You need to make a list of all the urgent jobs that need doing now or in the next few days.
Then you need to let him know that if they are not done he will have to move out or you will be moving out.............then follow that through.
I think you might have given him too many excuses in the past but you now need to stand your ground.
You are the one who is feeling ill just now and who is going to look after you?
I have to agree with you that I think he is using the depression as an excuse.
If he was that depressed how can he manage to concentrate on computer game and wanting to eat out tonight.
Sorry if you don't like what I have posted but the only person that can change things is yourself.0 -
Yes, I've told him he acts like a 13 year old teenage throwing a tantrum because mummy wants him to clean his room instead of playing video games more than once.
I've got home and he hasn't touched the kitchen and has apparently spent eight hours installing a hard wired Internet cable and taking a microwave to the tip. I bloody despair.0 -
If he doesn't want to be given a list of things to do, why not suggest he writes a list of chores for you both and divides it up between you. It would be interesting to see what he thinks a fair division of labour is.
Tell him you'll give him a week to see if he sticks to the list that he's created, and if at the end of the week he's still expecting you to do his half of the chores as well as your own, you'll want him to stay with friends/family for a while whilst you consider whether the relationship can work.Mortgage when started: £330,995
“Two possibilities exist: either we are alone in the Universe or we are not. Both are equally terrifying.” Arthur C. Clarke0 -
He didn't respond to any of that, except with a cryptic, "Well, I wouldn't eat for other reasons."
Don't respond to that comment. Certainly don't ask him to explain it. That's what he wants.
I had a friend exactly like this. He'd once been diagnosed with depression / anxiety and he then thought he had a ready-made excuse for everything on earth. Nothing was ever his fault. No-one understood.
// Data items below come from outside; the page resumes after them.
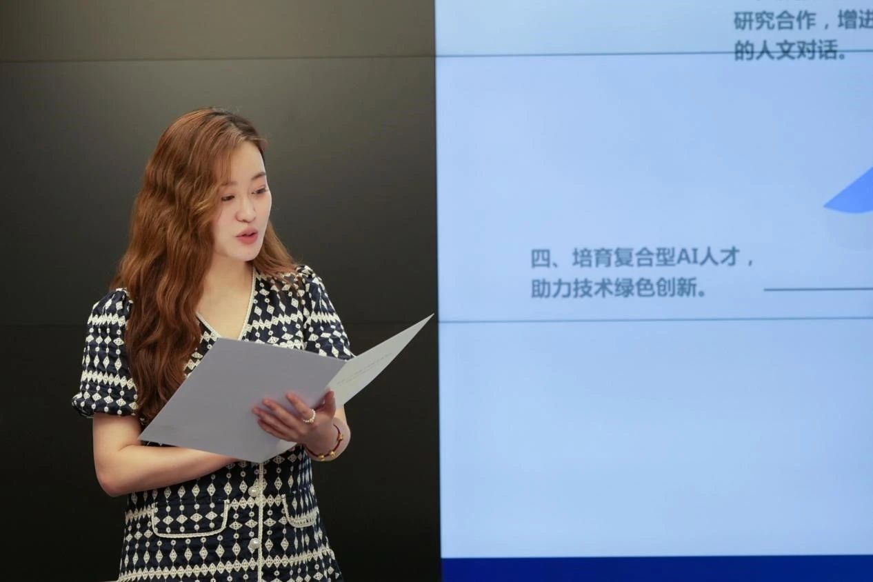 在《全球人工智能可持续发展倡议》(以下简称《倡议》)发布环节,浙江大学传媒与国际文化学院百人计划研究员、浙江大学国际传播研究中心副主任赵瑜佩宣读倡议内容。《倡议》围绕“人工智能可持续传播”这一议题,以“人工智能绿色传播与素养提升”为核心要义,以“推动AI各界合作和共识建立”为宗旨,提出:要求业界提升算法及数据库的透明性和可解读性;推进产、学、研、用深度交流与融合;并以上述建设成果为依托,探究绿色传播的可行路径、全球公民素养提升的教育路径、人工智能发展的创新路径,助力全球数字善治。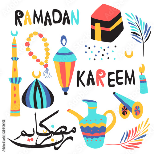 Ramadan Kareem Arabic Calligraphy Set Translation Happy Ramadan Isolated Islamic Symbols Mosque Minaret Rosary Cannon Palm Tree Branch Arab Tableware Dates Candle To Create A Ramadan Des Buy This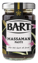 Pre-heat oven to 180°C/gas mark 4. Heat 1 tbsp vegetable oil in a pan until very hot, brown diced lamb and transfer to a casserole dish. In the same pan add the Bart Massaman Curry Paste, stir fry until aromatic and then add the ginger and onion - soften for 1-2 minutes before adding the coconut cream. Bring to the boil.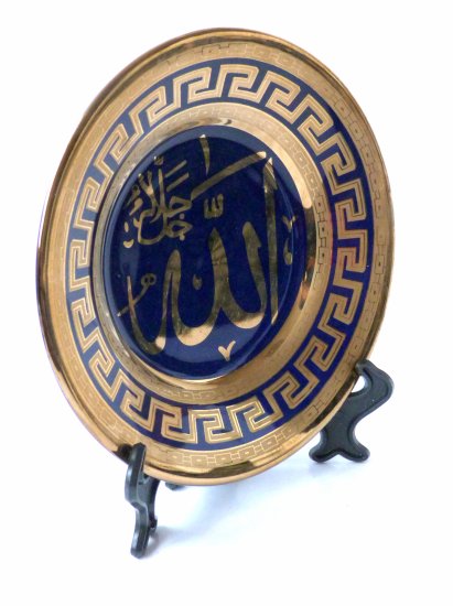Assiette decorative bleue en porcelaine avec la calligraphie "Allah" decoree de jolis motifs dores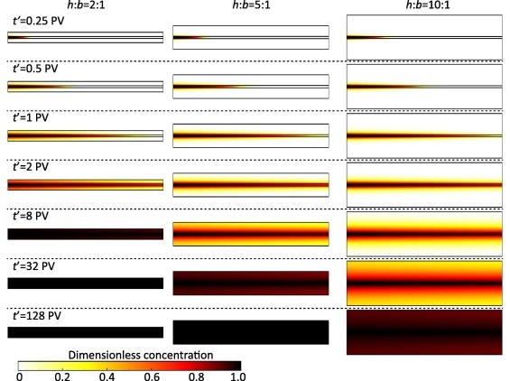 (1)n随h和Pe的增加而减小,当h和Pe较大时,n趋向于理论解1.5,其它情况下n都会偏离并大于理论解析解(图4)。基于80多种案例结果,该研究建立n和(h:b,Pe)的经验公式,试图解释和预测n在现实条件下的可能取值,同时可以通过n反推基质宽度与传输状态;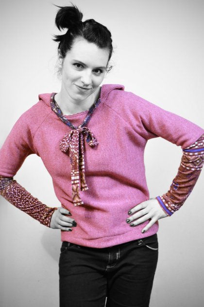 Bluza wykonana została z różowej dzianiny (dzianina swetrowa, od lewej strony miękka, przyjemna w dotyku). Rękawki i wykończenie kaptura wykonane z cieńszej, elastycznej dzianiny we wzorki. Prosty krój, bardzo wygodna i ciepła z dużym wiązanym z przodu kapturem. Rozmiar M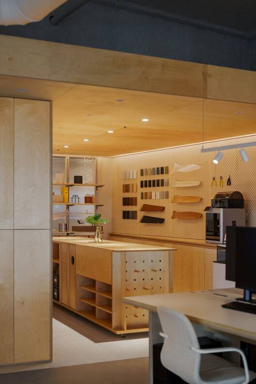 自然与工艺的融合:该项目成功地将品牌对自然和精湛工艺的尊重融入到空间设计中。大量使用桦木胶合板,不仅营造出温暖自然的氛围,还通过精心的分区设计,让每个功能区域都显得恰到好处。这种材料选择和空间布局的结合,展现了设计团队对细节的关注和对整体美学的把控,为使用者提供了一个既舒适又富有灵感的工作环境。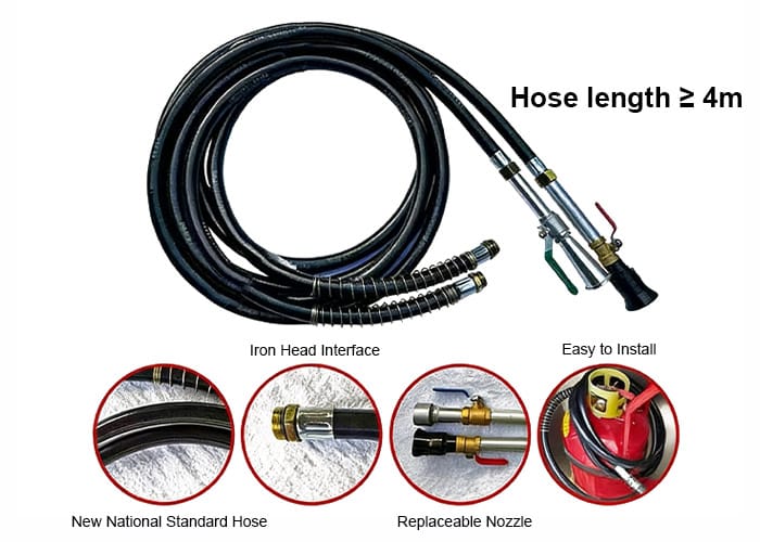 Trolley fire extinguisher hose complies with the new national standard, featuring iron connectors, wide applicability, easy installation, excellent sealing performance and reliable structure.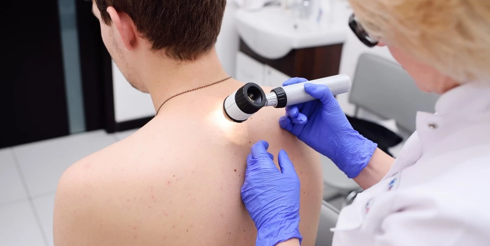 A skin check technician carries out routine visual assessments and symptom reviews.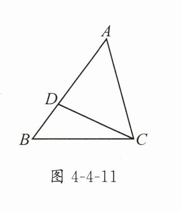 3. 如图4-4-11,$D$是$\triangle ABC$的边$AB$上一点。请添加一个条件: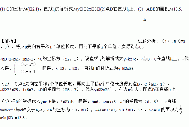 (2)若将点C先向左平移3个单位长度,再向上平移6个单位长度得到点D,请你判断点D是否在直线l1上;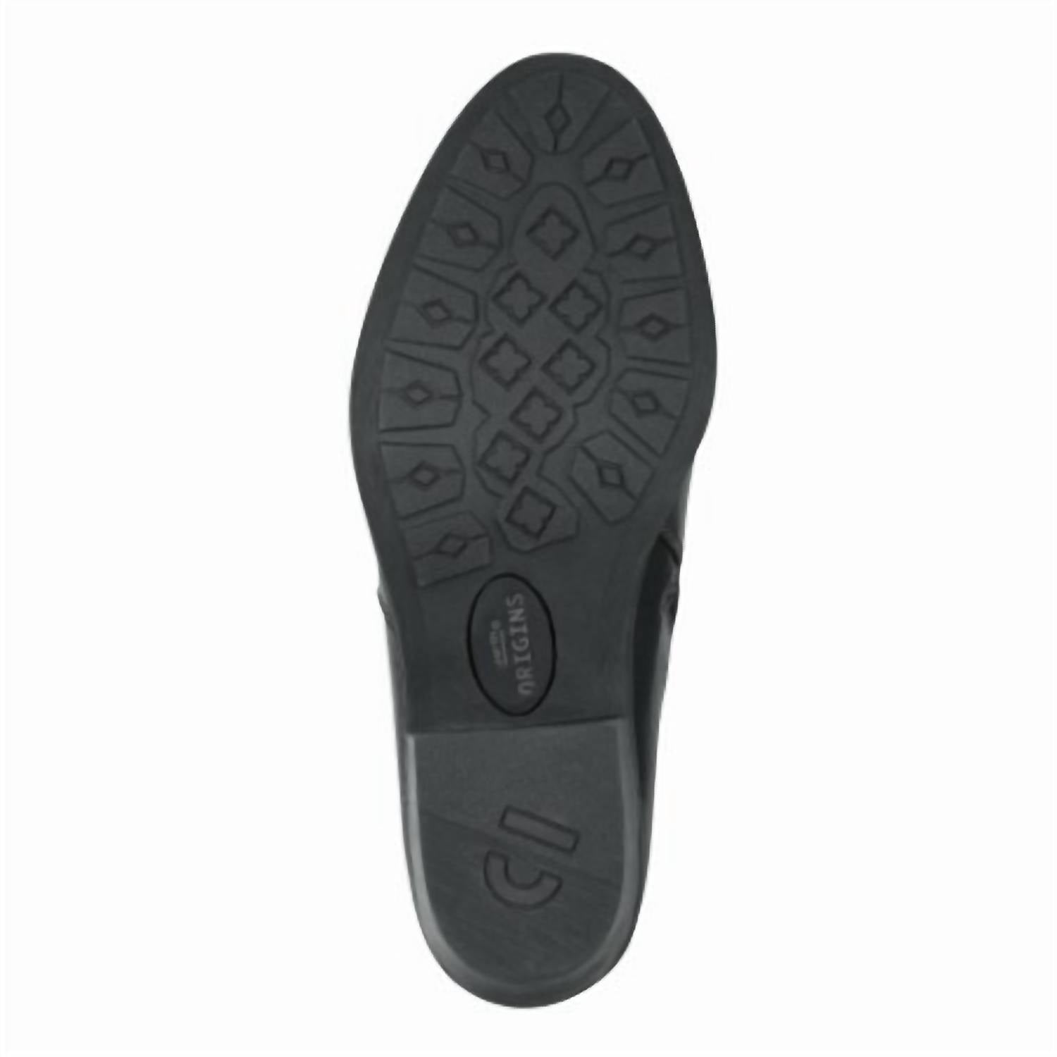 Step out in style with the Women's Christine Ankle Bootie by EARTH, crafted from premium black leather. This bootie showcases an almond toe and features artful patchwork that exquisitely cascades down the side, creating a stunning visual effect. A pull-on style makes it both effortless and chic, perfect for a variety of outfits. Whether you're dressing up or down, these booties ensure comfort and sophistication.

He was just a self-pitying, lazy !!!!, to be quite frank.
He used to make cryptic comments similar to the above as well, hoping to inspire interest and sympathy. When he realised I was fed up with him and was starting to withdraw contact, he sent me a text out of the blue saying "Yeah, the chemo starts on Thursday. Feeling a bit rough but it will only get worse...." He then sent a text immediately afterwards saying "Sorry, I sent that to you by mistake!" Yeah, right. I didn't respond, and guess what? No chemo, no illness, just another pathetic attempt to make the world revolve around him.